Key Experimental Results¶

DEI Task (Patient Discharge Prediction)¶

Configuration	Acc	Input Token	Output Token	Rounds
Best Single Agent (BHC)	60.8	541	109	1
G2-P3-I2-C3 (Centralized+Ordered+Instructor Summary)	67.5	~2K	~500	~3
G1-P1-I1-C1 (Decentralized+All+Synchronous+Full Log)	62.3	~28K	~3K	~5
Token Savings		~93%

SES Task (Fact-Checking)¶

Configuration	Acc	Rounds
Theoretical Upper Bound (A_consistent alone)	88.7	1
G2-P3-I2-C3	85.2	~3
G1-P1-I1-C1	78.5	~5

Key Findings¶

Centralized governance uniformly outperforms decentralized: On both tasks, G2 configurations achieved higher or comparable accuracy with significantly lower token consumption.
Ordered interaction (I2) outperforms synchronous (I1): Subsequent agents can see prior outputs, avoiding duplication and enabling progressive improvement.
Instructor summarization (C3) is the key to efficiency: Compared to retaining full logs in C1, C3 reduces tokens by up to 93% without losing accuracy.
Selective participation is crucial on SES: When most agents hold irrelevant information, letting the instructor filter speakers avoids noise.
The TAR metric reveals that the highest accuracy is not necessarily the optimal choice: After considering computational costs, configurations with moderate accuracy but low token usage might be more practical.

Highlights & Insights¶

Decomposing into four dimensions provides a solid framework for multi-agent collaboration research: It operationalizes the vague concept of "collaboration style" into controllable variables, offering the community a standardized analytical framework. This can be transferred to the design and evaluation of any multi-agent system.
The finding that "centralization is actually more efficient" has practical guiding significance: Contrary to the intuitive belief that "decentralization is more flexible," in LLM multi-agent scenarios, a capable coordinator/instructor is more effective than agent self-organization—since LLM agents have limited self-judgment and coordination capabilities.
The TAR metric fills the gap in efficiency evaluation: Pure accuracy evaluation neglects API costs, making TAR highly valuable for practical deployment scenarios.

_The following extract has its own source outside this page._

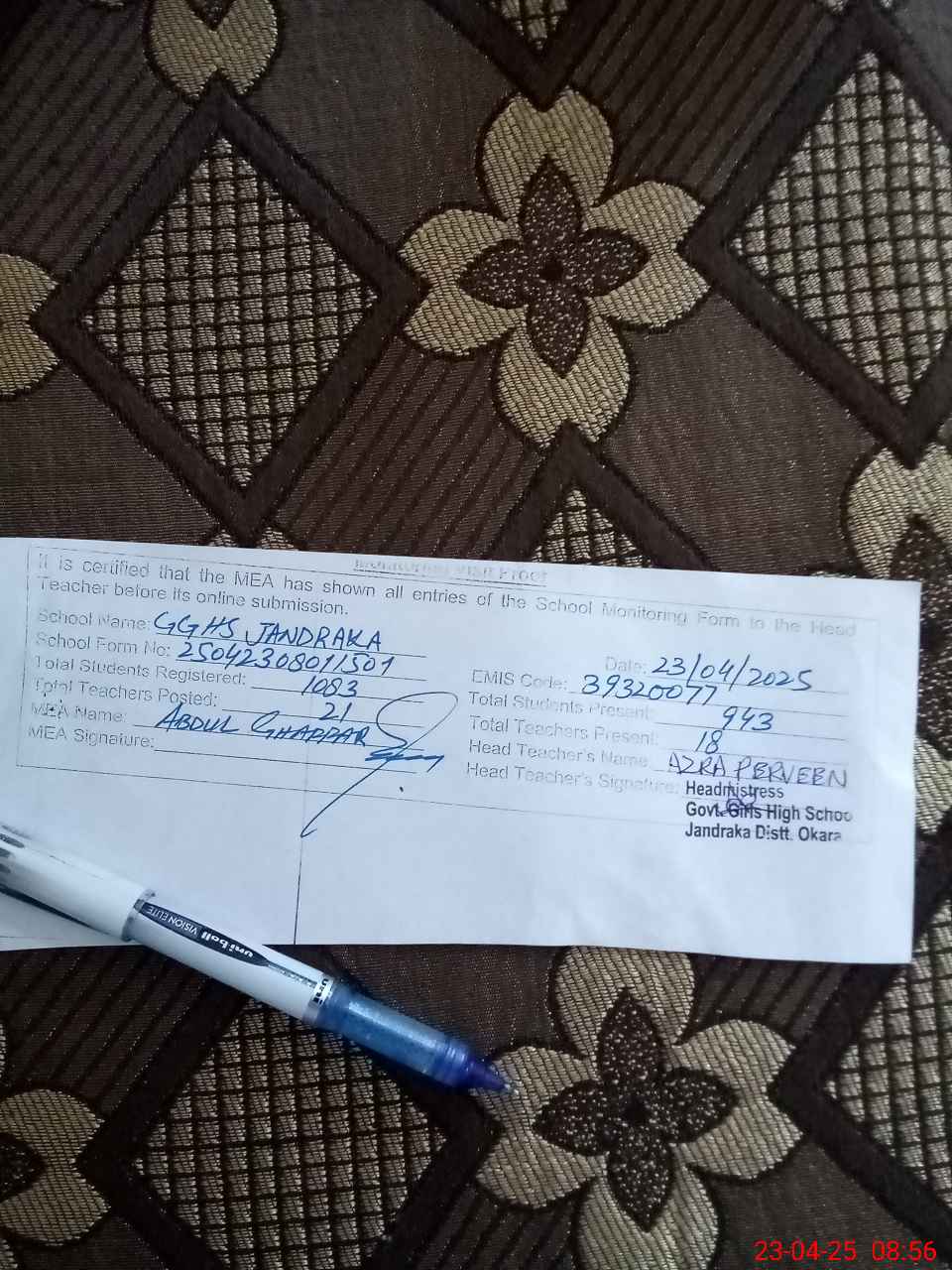 | EMIS Code: 39320077 | Name of School: GGHS JANDRAKA | |||

Limitations & Future Work¶

Experiments conducted only on ChatGPT-4o: Differences in the collaboration capabilities of different models might lead to different optimal strategies.
Only two tasks were tested: DEI and SES represent two extreme paradigms, leaving intermediate hybrid scenarios uncovered.
Centralization relies on the quality of the instructor: If the instructor agent family has poor judgment, overall performance can drop sharply (the paper acknowledges this as a single-point-of-failure risk).
The space of strategy combinations is not fully exhausted: Certain combinations were excluded due to logical conflicts, but more flexible hybrid strategies may exist.

vs CAMEL (Li et al., 2023): CAMEL fixes an instructor-agent two-party dialogue paradigm, whereas this work analyzes more participants and interaction patterns.
vs MetaGPT (Qian et al., 2025): MetaGPT uses a pipeline architecture, while this work focuses on non-pipelined, discussion-style collaboration.
vs Debate (Du et al., 2024): Debate is a special case of the G1-P1-I1 configuration in this work, and they prove that this is not the optimal choice.

Rating¶

Novelty: ⭐⭐⭐⭐ The four-dimensional decomposition framework is systematic; although not an entirely new concept, it is highly formalized.
Experimental Thoroughness: ⭐⭐⭐⭐ Detailed ablation experiments across various strategy combinations, though limited to GPT-4o and two tasks.
Writing Quality: ⭐⭐⭐⭐⭐ Extremely clear structure, intuitive diagrams, and complete taxonomy.
Value: ⭐⭐⭐⭐ Provides direct guiding significance for the design of multi-agent systems.